- [Record set]

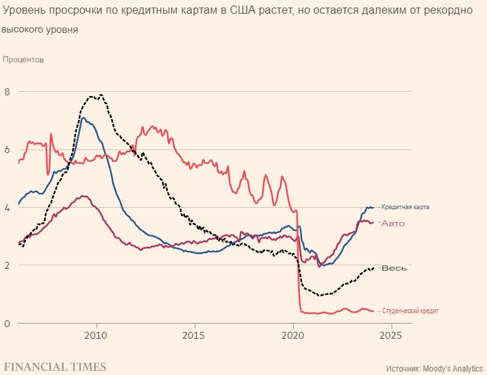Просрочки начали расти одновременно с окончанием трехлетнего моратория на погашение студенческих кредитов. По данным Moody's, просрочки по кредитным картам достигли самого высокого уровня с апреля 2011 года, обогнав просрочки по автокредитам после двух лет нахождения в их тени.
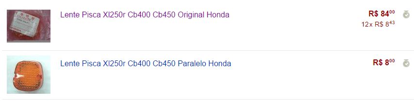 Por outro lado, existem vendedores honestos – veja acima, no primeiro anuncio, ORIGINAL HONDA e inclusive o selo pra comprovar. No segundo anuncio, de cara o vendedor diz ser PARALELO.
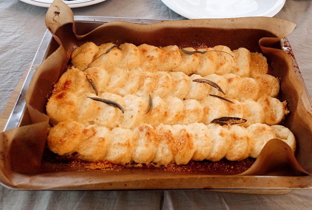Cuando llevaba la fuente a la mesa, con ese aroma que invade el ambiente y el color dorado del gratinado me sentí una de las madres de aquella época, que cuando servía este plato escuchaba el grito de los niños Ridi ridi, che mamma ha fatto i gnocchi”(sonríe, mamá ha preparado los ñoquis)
---
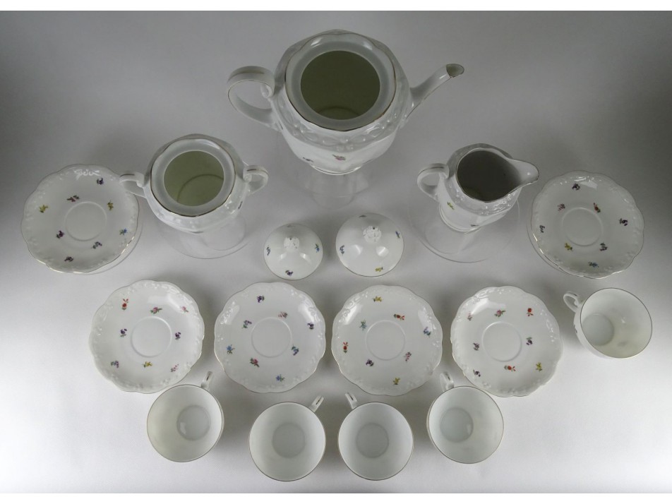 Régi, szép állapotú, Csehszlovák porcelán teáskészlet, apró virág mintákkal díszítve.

- [Work instruction]
Beginning at the line that has "Просрочки начали расти" and ending at the line that has "Cuando llevaba la", restate the listing above word for word, pictures left out.

- [Answer space]
Просрочки начали расти одновременно с окончанием трехлетнего моратория на погашение студенческих кредитов. По данным Moody's, просрочки по кредитным картам достигли самого высокого уровня с апреля 2011 года, обогнав просрочки по автокредитам после двух лет нахождения в их тени.
 Por outro lado, existem vendedores honestos – veja acima, no primeiro anuncio, ORIGINAL HONDA e inclusive o selo pra comprovar. No segundo anuncio, de cara o vendedor diz ser PARALELO.
Cuando llevaba la fuente a la mesa, con ese aroma que invade el ambiente y el color dorado del gratinado me sentí una de las madres de aquella época, que cuando servía este plato escuchaba el grito de los niños Ridi ridi, che mamma ha fatto i gnocchi”(sonríe, mamá ha preparado los ñoquis)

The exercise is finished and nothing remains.